71.202.90.103 19th Jan 12
I just wanted to point out that the Dylan participated in that group hug while still covered in vomit.

This is not a children's book.
Jergling 19th Jan 12
Here's to 200 more! ...Wait, is that a good thing in this case?

I highly suspect I will get dragged into watching the Modelland episode by one of my friends, since he must experience everything to do with this trainwreck solely to bask in its trainwreckiness.

FreezairForALimitedTime 19th Jan 12
^^ "This is not a children's book."

No, it's really not. But the New York Times doesn't have a separate category for teen / young adult books, so they all get shoved into the children's category. (And the children's book category was created partially because they were tired of the Harry Potter books hogging the bestseller list.)

^"Here's to 200 more! ...Wait, is that a good thing in this case?"

Yes, it is a good thing. After all, misery loves company. :P

It's also nice to know that people are reading and enjoying my liveblog.
LadyMomus 20th Jan 12
lol I think after some point I've been putting a comment or two on every page. lol here's a good question about this chapter: why have all the character devlopment/ trauma/depth pumped into a single, poorly written chapter instead show signs of it earlier?

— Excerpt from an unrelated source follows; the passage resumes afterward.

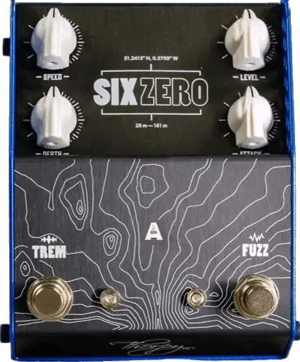 The ThorpyFX Six Zero is an all-analog fuzz and tremolo effects pedal, designed and hand-built in the UK by Adrian Thorpe MBE with Dan Coggins. Combining classic fuzz tones with integrated analog tremolo, this fuzz stompbox provides extensive sound-shaping options for a variety of applications.

I know it's probably the fact that Tyra's a bad writer, but come on! the mojority of these characters are flat stereotypes. Including our main cast! This developement would've been great earlier!
gekkolexicon 20th Jan 12
In my perfect world, the spectacular fall of this book from best-sellerdom would herald a change in the way media approach their younger audiences. One of the reasons I really like Nostalgia Critic (aside from Ruleof Funny) is that he and I have the same berserk button. This attitude that effort is pointless, the audience is nothing more than a marketing demographic, and the younger they are, the less you should respect them...absolutely INFURIATES me. Especially when you see the great things that can be accomplished when you ignore that attitude and focus on quality, like Avatar or Harry Potter. Which, oh by the way, also tended to sell well...
psycher7 21st Jan 12
TBH The ANTM motion editorial thing was way better than the actual book itself. (Except for Tyra biting that other guy's thumb that was just... WOMAN YOU ARE THIRTY. SEVEN. YOU ARE NOT TOOKIE. STOP THAT. GAH.)